→ To do
A single stretch of the material below is to be transcribed exactly, starting at the line with "TJ FC HNĚVOTÍN víkend 21.6.2025-22.6.2025" and ending after the line with "Korte mouw, ronde".

→ Given information
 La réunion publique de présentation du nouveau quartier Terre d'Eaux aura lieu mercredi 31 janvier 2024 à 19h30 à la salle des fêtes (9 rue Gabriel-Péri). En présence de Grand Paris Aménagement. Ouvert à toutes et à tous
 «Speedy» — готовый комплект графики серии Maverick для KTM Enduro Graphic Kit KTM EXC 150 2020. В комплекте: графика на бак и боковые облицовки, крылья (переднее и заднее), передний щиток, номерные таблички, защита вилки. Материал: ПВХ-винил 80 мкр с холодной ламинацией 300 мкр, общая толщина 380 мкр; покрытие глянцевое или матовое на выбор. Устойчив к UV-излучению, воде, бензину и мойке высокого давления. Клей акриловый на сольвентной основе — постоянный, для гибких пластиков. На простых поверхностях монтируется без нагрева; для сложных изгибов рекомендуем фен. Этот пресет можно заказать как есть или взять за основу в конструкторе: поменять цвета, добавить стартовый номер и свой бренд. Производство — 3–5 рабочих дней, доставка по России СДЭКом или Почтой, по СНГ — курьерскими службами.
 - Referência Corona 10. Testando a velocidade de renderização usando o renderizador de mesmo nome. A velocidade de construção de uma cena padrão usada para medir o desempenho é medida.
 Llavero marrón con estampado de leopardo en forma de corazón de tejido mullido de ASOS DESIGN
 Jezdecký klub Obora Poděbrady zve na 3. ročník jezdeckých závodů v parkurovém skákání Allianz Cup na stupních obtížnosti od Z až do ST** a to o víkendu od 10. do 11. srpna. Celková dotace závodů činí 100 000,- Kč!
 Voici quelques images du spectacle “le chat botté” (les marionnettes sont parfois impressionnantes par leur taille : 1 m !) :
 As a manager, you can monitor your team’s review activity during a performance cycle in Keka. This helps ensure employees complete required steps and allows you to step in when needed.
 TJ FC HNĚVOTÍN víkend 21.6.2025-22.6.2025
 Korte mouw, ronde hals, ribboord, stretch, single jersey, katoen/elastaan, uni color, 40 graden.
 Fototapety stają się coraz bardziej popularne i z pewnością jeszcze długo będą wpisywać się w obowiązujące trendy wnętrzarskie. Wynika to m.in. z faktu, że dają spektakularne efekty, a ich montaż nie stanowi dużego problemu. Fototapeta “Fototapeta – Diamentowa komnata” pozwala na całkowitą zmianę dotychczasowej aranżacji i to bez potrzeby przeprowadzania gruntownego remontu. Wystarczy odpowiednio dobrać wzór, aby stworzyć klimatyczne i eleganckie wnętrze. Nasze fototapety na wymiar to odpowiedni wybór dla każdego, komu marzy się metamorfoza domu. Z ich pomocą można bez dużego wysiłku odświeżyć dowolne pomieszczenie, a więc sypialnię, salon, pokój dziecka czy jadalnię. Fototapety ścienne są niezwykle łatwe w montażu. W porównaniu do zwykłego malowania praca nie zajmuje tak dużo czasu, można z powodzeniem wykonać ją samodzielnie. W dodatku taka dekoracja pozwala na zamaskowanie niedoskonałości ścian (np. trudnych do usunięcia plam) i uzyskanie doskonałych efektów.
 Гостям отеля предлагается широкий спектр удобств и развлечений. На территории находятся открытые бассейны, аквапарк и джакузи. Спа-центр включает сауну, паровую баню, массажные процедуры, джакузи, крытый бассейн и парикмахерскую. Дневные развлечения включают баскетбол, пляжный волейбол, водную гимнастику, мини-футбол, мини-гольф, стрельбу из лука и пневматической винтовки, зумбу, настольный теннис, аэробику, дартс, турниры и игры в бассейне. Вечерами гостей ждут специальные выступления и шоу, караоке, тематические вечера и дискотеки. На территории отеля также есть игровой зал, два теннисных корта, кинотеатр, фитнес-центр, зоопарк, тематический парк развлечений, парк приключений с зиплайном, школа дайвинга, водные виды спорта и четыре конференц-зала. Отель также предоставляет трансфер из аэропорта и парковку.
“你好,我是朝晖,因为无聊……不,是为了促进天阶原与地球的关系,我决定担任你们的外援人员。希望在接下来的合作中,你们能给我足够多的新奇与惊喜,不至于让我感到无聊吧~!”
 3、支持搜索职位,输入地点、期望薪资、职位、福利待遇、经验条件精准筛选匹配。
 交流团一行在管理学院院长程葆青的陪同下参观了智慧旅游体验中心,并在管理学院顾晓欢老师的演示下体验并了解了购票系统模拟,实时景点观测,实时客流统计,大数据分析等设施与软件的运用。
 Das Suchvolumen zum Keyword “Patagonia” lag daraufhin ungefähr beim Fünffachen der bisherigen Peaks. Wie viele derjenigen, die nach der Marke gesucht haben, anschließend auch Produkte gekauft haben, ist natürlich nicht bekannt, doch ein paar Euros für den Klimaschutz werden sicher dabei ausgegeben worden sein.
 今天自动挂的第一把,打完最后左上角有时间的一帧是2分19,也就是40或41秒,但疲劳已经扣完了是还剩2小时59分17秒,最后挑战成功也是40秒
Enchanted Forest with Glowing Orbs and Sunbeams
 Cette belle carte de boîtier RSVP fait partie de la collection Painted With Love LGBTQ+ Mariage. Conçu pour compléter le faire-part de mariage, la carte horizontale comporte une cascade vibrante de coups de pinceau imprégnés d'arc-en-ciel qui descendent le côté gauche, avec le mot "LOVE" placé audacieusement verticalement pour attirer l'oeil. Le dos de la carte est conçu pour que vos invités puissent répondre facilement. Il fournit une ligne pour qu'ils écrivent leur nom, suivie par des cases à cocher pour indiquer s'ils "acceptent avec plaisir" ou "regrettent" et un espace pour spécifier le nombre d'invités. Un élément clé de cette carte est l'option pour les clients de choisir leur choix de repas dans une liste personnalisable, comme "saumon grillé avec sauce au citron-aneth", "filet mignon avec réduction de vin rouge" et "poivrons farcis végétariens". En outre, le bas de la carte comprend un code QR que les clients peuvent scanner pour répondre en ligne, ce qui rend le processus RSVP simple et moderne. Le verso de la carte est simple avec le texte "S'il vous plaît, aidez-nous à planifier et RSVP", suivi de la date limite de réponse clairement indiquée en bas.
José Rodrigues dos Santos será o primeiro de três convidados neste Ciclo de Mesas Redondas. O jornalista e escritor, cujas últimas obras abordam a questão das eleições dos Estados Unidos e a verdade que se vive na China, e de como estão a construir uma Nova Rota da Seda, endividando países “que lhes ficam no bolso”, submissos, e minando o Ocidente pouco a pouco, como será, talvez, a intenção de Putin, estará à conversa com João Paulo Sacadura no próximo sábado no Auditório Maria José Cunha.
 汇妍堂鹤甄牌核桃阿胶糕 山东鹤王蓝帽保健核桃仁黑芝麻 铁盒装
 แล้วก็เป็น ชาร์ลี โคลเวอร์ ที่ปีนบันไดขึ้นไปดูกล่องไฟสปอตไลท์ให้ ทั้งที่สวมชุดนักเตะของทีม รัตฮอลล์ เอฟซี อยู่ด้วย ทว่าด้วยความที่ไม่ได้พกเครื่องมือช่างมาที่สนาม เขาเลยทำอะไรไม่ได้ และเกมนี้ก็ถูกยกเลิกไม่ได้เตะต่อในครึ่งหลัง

→ Answer space
 TJ FC HNĚVOTÍN víkend 21.6.2025-22.6.2025
 Korte mouw, ronde hals, ribboord, stretch, single jersey, katoen/elastaan, uni color, 40 graden.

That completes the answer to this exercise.